■ **GOAL OF THE EXERCISE**
The full listing, copied exactly and free of pictures, is the expected reply.

■ **THE INPUT**
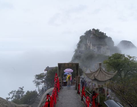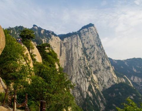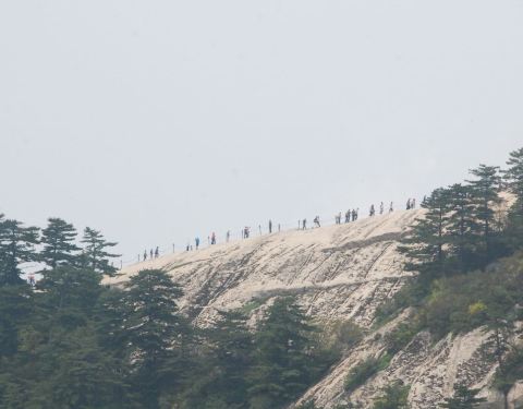 擦耳崖是华山北峰向主峰前行的一条险路,因一边是万丈深谷,一边山脊,宽度仅2人可行,幸好的这条路...擦耳崖是华山北峰向主峰前行的一条险路,因一边是万丈深谷,一边山脊,宽度仅2人可行,幸好的这条路是单行向上的,否则人流很容易堵在这里的。
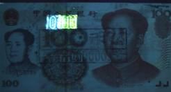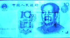 經(jīng)過處理的假鈔紙張的熒光反應
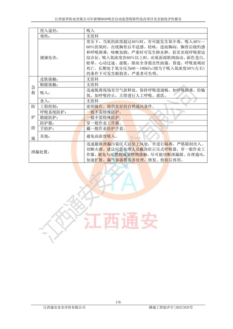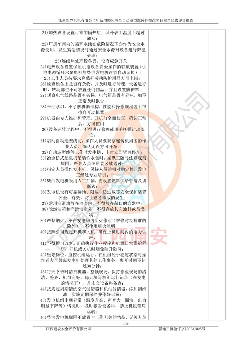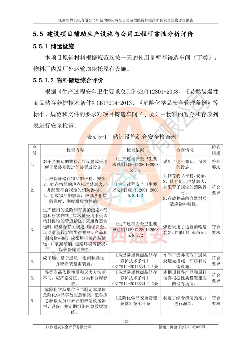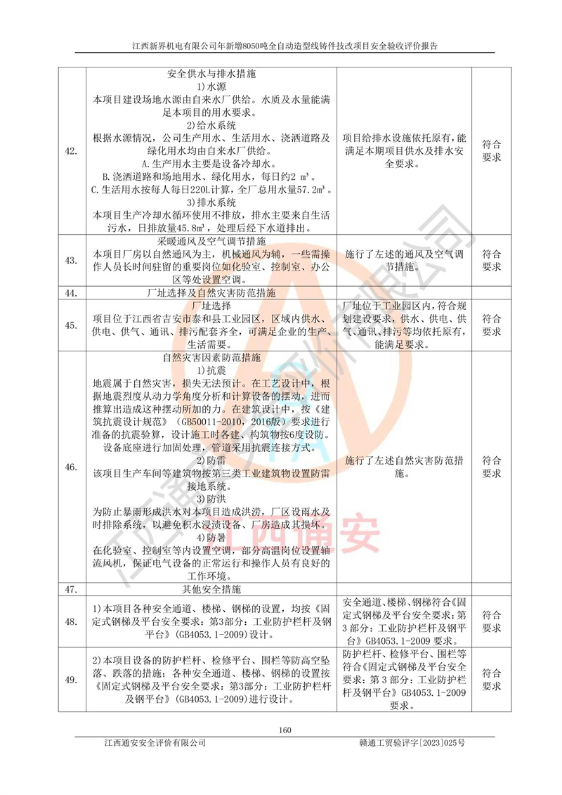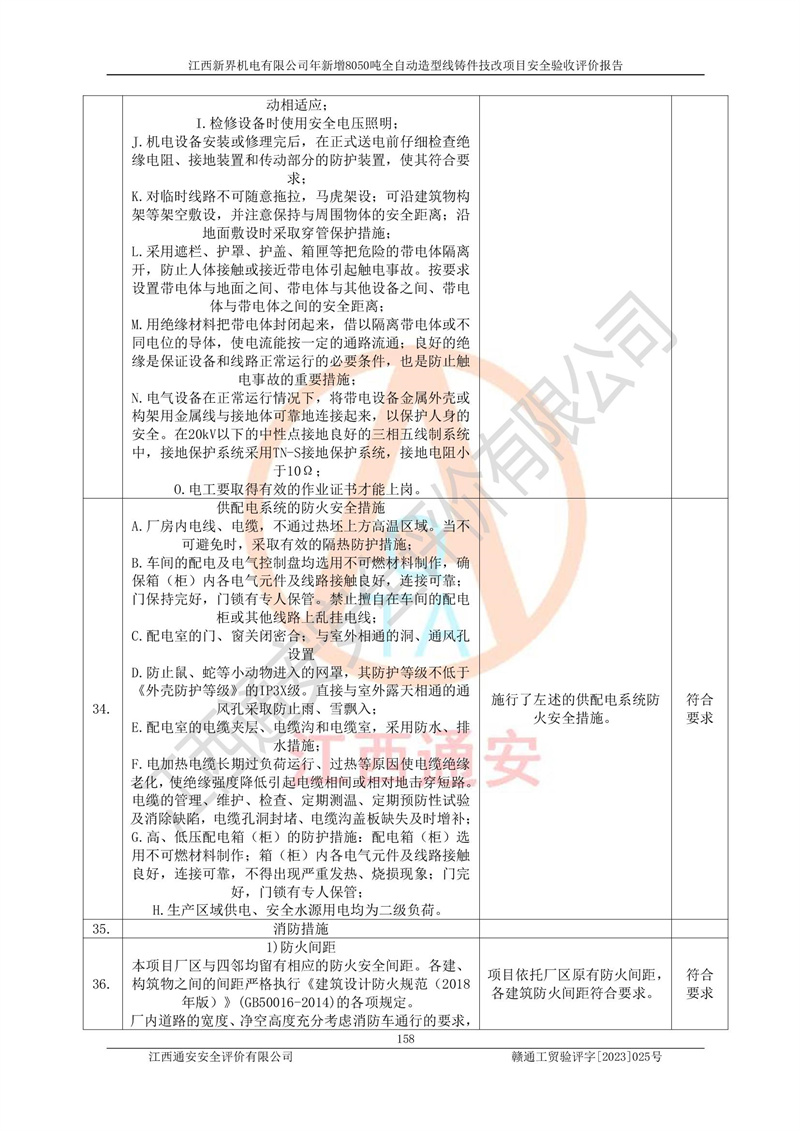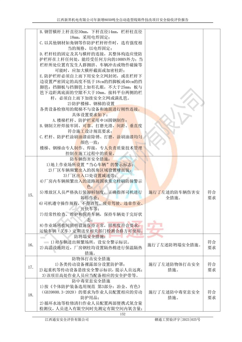 評(píng)價(jià)結(jié)論 | 1、江西新界機(jī)電有限公司年新增8050噸全自動(dòng)造型線鑄件技改項(xiàng)目的安全設(shè)施與主體工程同時(shí)設(shè)計(jì)、同時(shí)施工、同時(shí)投入生產(chǎn)和使用,安全設(shè)施運(yùn)行良好,項(xiàng)目現(xiàn)場與總圖及工藝平面布置圖一致。符合**有關(guān)建設(shè)項(xiàng)目“三同時(shí)”的規(guī)定和要求。 2、江西新界機(jī)電有限公司年新增8050噸全自動(dòng)造型線鑄件技改項(xiàng)目主體工程安全設(shè)施、安全措施基本符合法律法規(guī)的規(guī)定和要求,并運(yùn)行**;公用工程及輔助設(shè)施滿足主體工程生產(chǎn)安全的需要;企業(yè)安全管理體系滿足生產(chǎn)安全的要求。 3、江西新界機(jī)電有限公司已針對(duì)本報(bào)告提出的安全隱患整改意見組織人員進(jìn)行整,已落實(shí)到位,企業(yè)安全生產(chǎn)的風(fēng)險(xiǎn)控制在可以接受的范圍內(nèi)。 綜上所述,江西新界機(jī)電有限公司年新增8050噸全自動(dòng)造型線鑄件技改項(xiàng)目相關(guān)配套的設(shè)備和安全設(shè)施運(yùn)行正常,企業(yè)安全管理機(jī)制運(yùn)行正常,安全設(shè)施、安全技術(shù)、措施達(dá)到設(shè)計(jì)要求和預(yù)期結(jié)果,可以滿足項(xiàng)目安全生產(chǎn)的要求,安全管理**,項(xiàng)目具備安全設(shè)施竣工驗(yàn)收條件。 | |||
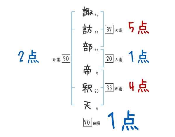 外運![]() | 諏訪部帝釈天さんの外運は50画の2つ星!浮き沈みが激しく不安定。しりすぼみに衰退しやすいので注意しましょう。 生活面を象徴する運勢です。外部から受ける影響力を表し、結婚運、家庭運や職場、環境への順応性を表します。 |
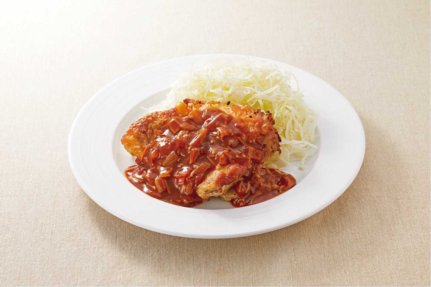 赤ワインのコクとトマト・しめじ・えのきのうま味たっぷりの濃厚ソースが特徴です!
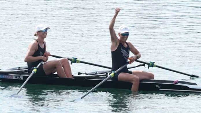 Οι δύο αθλήτριες από τη Νέα Ζηλανδία κατέκτησαν την πρώτη θέση στο διπλό σκιφ γυναικών στην κωπηλασία, στους Ολυμπιακούς Αγώνες του Παρισιού, τερματίζοντας σε 6:50.45 στο Vaires-sur-Marnes Nautical Stadium.
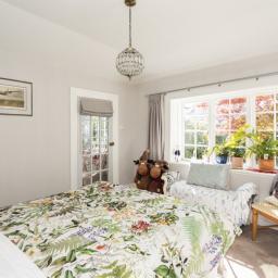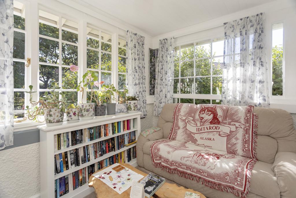 Three double bedrooms include one with double-glazed cedar doors opening to the backyard, and another with an adjoining sunroom ideal as a private retreat. The tiled bathroom is elegantly appointed with Perrin & Rowe fittings, while a second shower and toilet are conveniently located within the stylish country-style laundry.
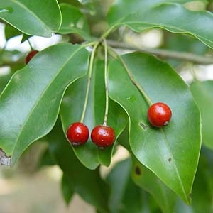 緑の葉に赤い実をつり下げる姿(雌株のみ)が好まれ、庭木として使われます。葉が密生していないので、爽やかな印象を持ちます。半日陰にも適応し、病害虫にも強い木です。
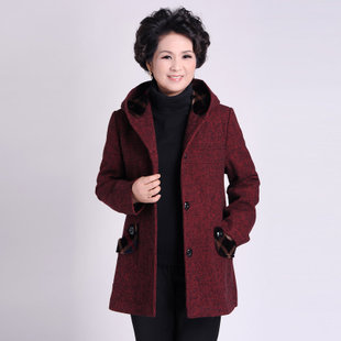 中老年大碼女裝中秋冬裝連帽外套 時(shí)尚媽媽裝大衣長(zhǎng)款羊毛呢風(fēng)衣 /
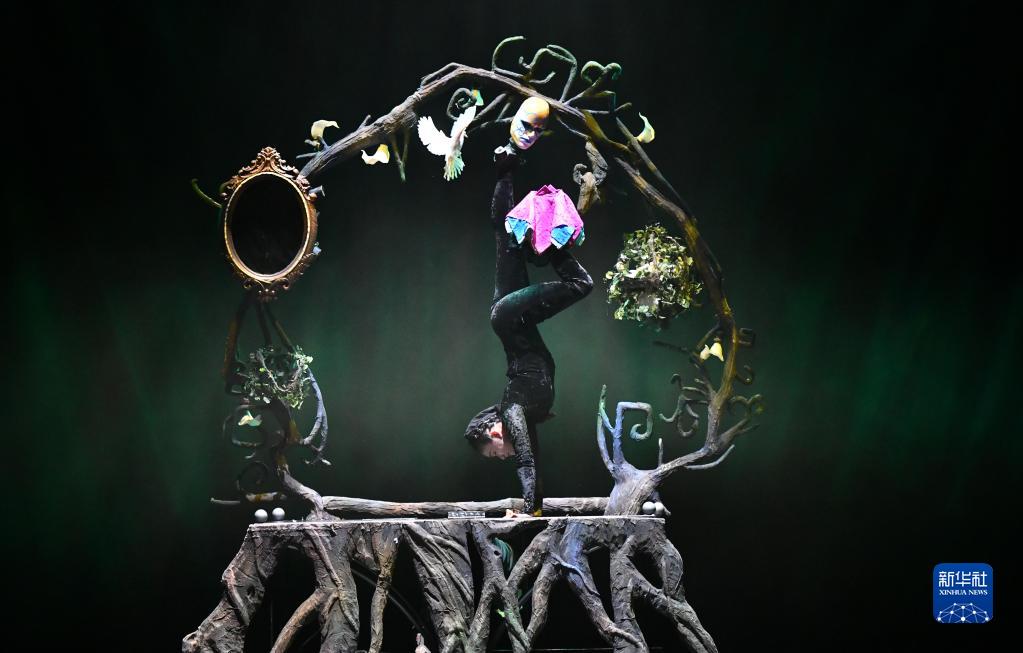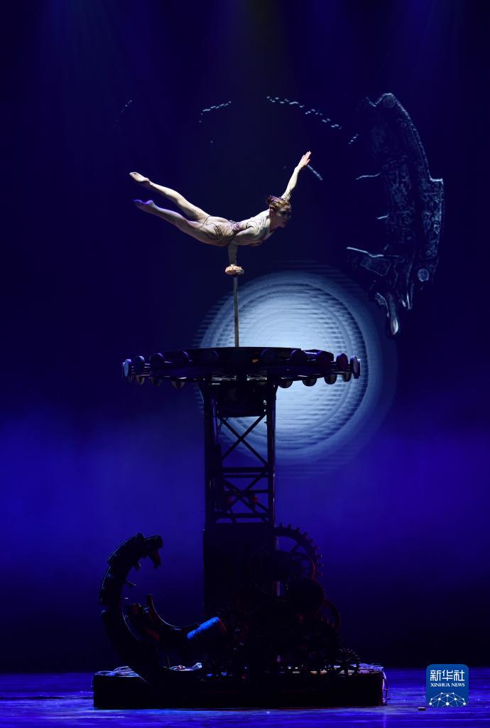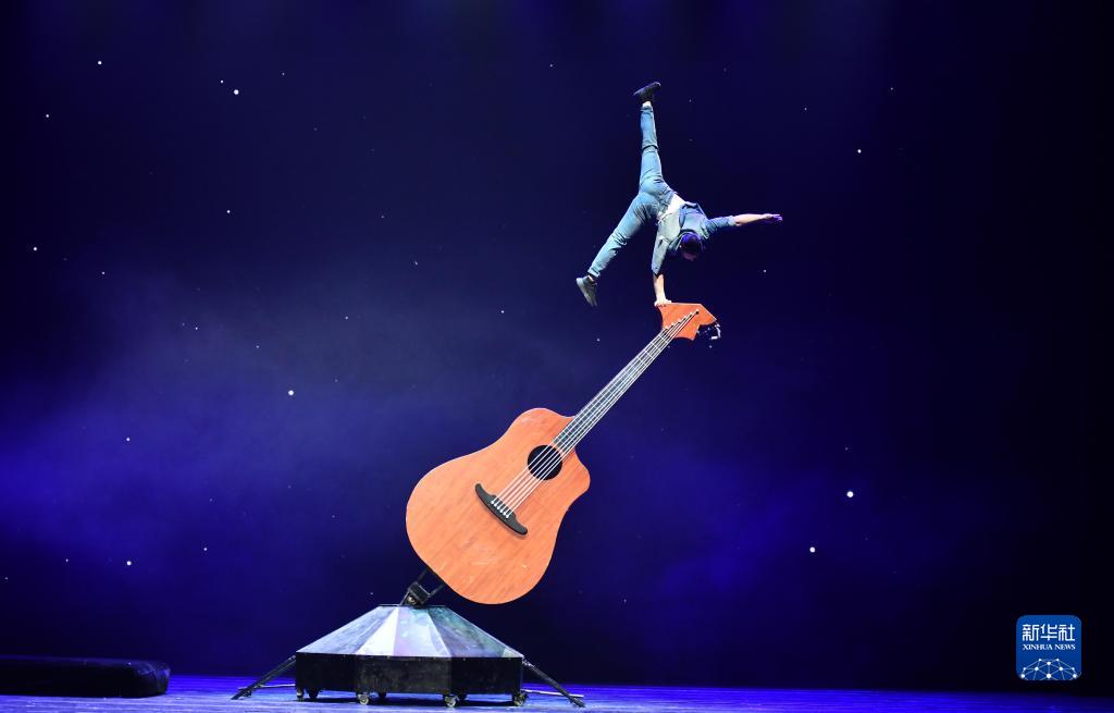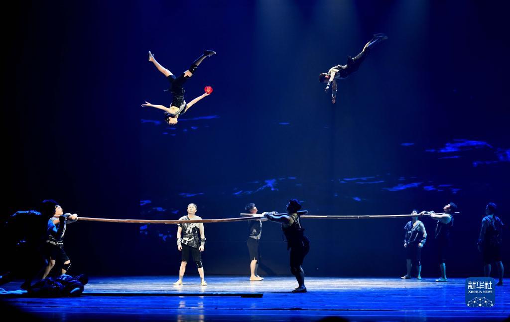 3月27日晚,在位于山东省济南市的山东剧院,演员表演杂技节目《弦》。

■ **EXERCISE SOLUTION**
 擦耳崖是华山北峰向主峰前行的一条险路,因一边是万丈深谷,一边山脊,宽度仅2人可行,幸好的这条路...擦耳崖是华山北峰向主峰前行的一条险路,因一边是万丈深谷,一边山脊,宽度仅2人可行,幸好的这条路是单行向上的,否则人流很容易堵在这里的。
 經(jīng)過處理的假鈔紙張的熒光反應
 評(píng)價(jià)結(jié)論 | 1、江西新界機(jī)電有限公司年新增8050噸全自動(dòng)造型線鑄件技改項(xiàng)目的安全設(shè)施與主體工程同時(shí)設(shè)計(jì)、同時(shí)施工、同時(shí)投入生產(chǎn)和使用,安全設(shè)施運(yùn)行良好,項(xiàng)目現(xiàn)場與總圖及工藝平面布置圖一致。符合**有關(guān)建設(shè)項(xiàng)目“三同時(shí)”的規(guī)定和要求。 2、江西新界機(jī)電有限公司年新增8050噸全自動(dòng)造型線鑄件技改項(xiàng)目主體工程安全設(shè)施、安全措施基本符合法律法規(guī)的規(guī)定和要求,并運(yùn)行**;公用工程及輔助設(shè)施滿足主體工程生產(chǎn)安全的需要;企業(yè)安全管理體系滿足生產(chǎn)安全的要求。 3、江西新界機(jī)電有限公司已針對(duì)本報(bào)告提出的安全隱患整改意見組織人員進(jìn)行整,已落實(shí)到位,企業(yè)安全生產(chǎn)的風(fēng)險(xiǎn)控制在可以接受的范圍內(nèi)。 綜上所述,江西新界機(jī)電有限公司年新增8050噸全自動(dòng)造型線鑄件技改項(xiàng)目相關(guān)配套的設(shè)備和安全設(shè)施運(yùn)行正常,企業(yè)安全管理機(jī)制運(yùn)行正常,安全設(shè)施、安全技術(shù)、措施達(dá)到設(shè)計(jì)要求和預(yù)期結(jié)果,可以滿足項(xiàng)目安全生產(chǎn)的要求,安全管理**,項(xiàng)目具備安全設(shè)施竣工驗(yàn)收條件。 | |||
 外運![]() | 諏訪部帝釈天さんの外運は50画の2つ星!浮き沈みが激しく不安定。しりすぼみに衰退しやすいので注意しましょう。 生活面を象徴する運勢です。外部から受ける影響力を表し、結婚運、家庭運や職場、環境への順応性を表します。 |
 赤ワインのコクとトマト・しめじ・えのきのうま味たっぷりの濃厚ソースが特徴です!
 Οι δύο αθλήτριες από τη Νέα Ζηλανδία κατέκτησαν την πρώτη θέση στο διπλό σκιφ γυναικών στην κωπηλασία, στους Ολυμπιακούς Αγώνες του Παρισιού, τερματίζοντας σε 6:50.45 στο Vaires-sur-Marnes Nautical Stadium.
 Three double bedrooms include one with double-glazed cedar doors opening to the backyard, and another with an adjoining sunroom ideal as a private retreat. The tiled bathroom is elegantly appointed with Perrin & Rowe fittings, while a second shower and toilet are conveniently located within the stylish country-style laundry.
 緑の葉に赤い実をつり下げる姿(雌株のみ)が好まれ、庭木として使われます。葉が密生していないので、爽やかな印象を持ちます。半日陰にも適応し、病害虫にも強い木です。
 中老年大碼女裝中秋冬裝連帽外套 時(shí)尚媽媽裝大衣長(zhǎng)款羊毛呢風(fēng)衣 /
 3月27日晚,在位于山东省济南市的山东剧院,演员表演杂技节目《弦》。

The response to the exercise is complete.